Ia yang selalu bawel mengingatkan mengingatkan membeli vitamin. Krim bibir bahkan juga keperluan-keperluan pekerjaan.
Katanya “Bersama denganmu aku merasa nyaman, belum pernah seperti ini dengan sebelum-sebelumnya, itu sebabnya aku bisa menjadi diriku sendiri di depan kamu tanpa merasa jaim.”
Akupun merasakan hal yang sama, hanya kepadanya aku bisa semudah itu bercerita masalah pekerjaan (dan di dengar), bercerita hal-hal yang tak penting, juga berbicara tentang mimpi-mimpi.
Ia tak pernah membirkanku membawa barang belanjaan seorang diri, bagian terberat pasti ia yang mengambil alih. Sedangkan dompet dan ponsel miliknya selalu berada di tanganku. Aku memiliki paswot ponselnya, tapi dengan itu bukan berarti aku berani membongkar isi ponsel dan dompetnya.
Begitulah caraku menjaga privasinya hanya membuka waze, dan begitulah caraku memberi kepercayaan kepadanya. Tidak semua hal harus terus diawasi, percayalah jika ia memang cinta maka bersetia adalah salah satu wujud.
“Kiss me baby” katanya ketika kami menembus kemacetan kota.
“Kamu lembut banget sih sayang” katanya ketika aku berada dalam pelukannya.

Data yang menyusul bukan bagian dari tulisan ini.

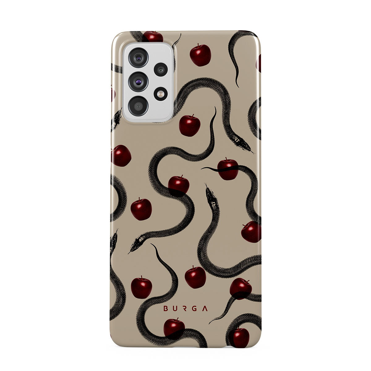 En este diseño: manzanas rojas brillantes, serpientes enroscadas y tonos beis.
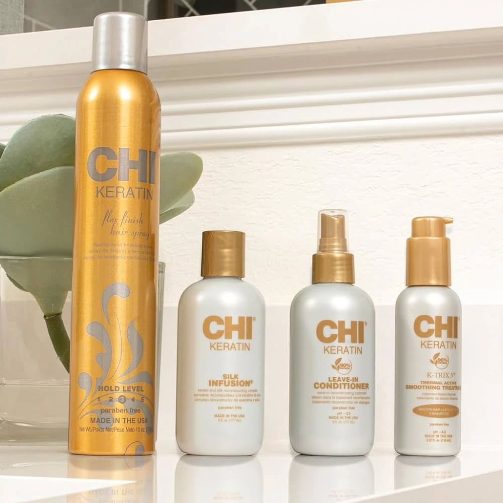 Creëer een natuurlijke, flexibele styling met de CHI Keratin Flexible Hold Hairspray. Deze lichtgewicht haarspray biedt een zachte fixatie zonder het haar te verzwaren, terwijl het tegelijkertijd wordt verzorgd en versterkt.

“Kamu ko liatin aku kek mau bunuh gitu sih hahaha…” katanya ketika dia salah tingkah sebab pandanganku hanya tertuju padanya.
“Manja banget sih, sayang” katanya ketika aku merengek meminta sesuatu padanya.
“Bien tangannya berbulu kek gorila” katanya yang spontan membuatku tertawa.
Ia selalu menjaga apapun yang ku berikan padanya. Ia menjaga Snow boneka putih yang bahkan lebih baik dariku. Ia selalu menjaga Snow agar tetap bersih dan wangi.
Aku tak memberinya izin untuk memelihara kucing.
Aku melarang ia untuk mengenakan lagi sweater yang pernah ia kenakan ketika menjemputku di Gubeng.
Aku yang sangat melarangnya untuk memaki ketika dalam kemacetan jalanan.
Aku tak pernah mengizinkannya untuk membeli barang-barang sebelum benar-bener ia perlukan.
Aku yang begitu banyak larangan dan ia yang hanya dengan 1 larangan jangan selingkuh. Namun, ia tetap menggandeng tanganku penuh cinta. Ia tetap ada bersamaku, untukku.
Untuknya ku tulis ini, untuknya ku curahkan segala hatiku. Untuknya yang ku temukan dengan mestakung.
Kami pernah berada pada masa kritis dan kami sekarang saling memiliki dengan Mestakung (semesta mendukung).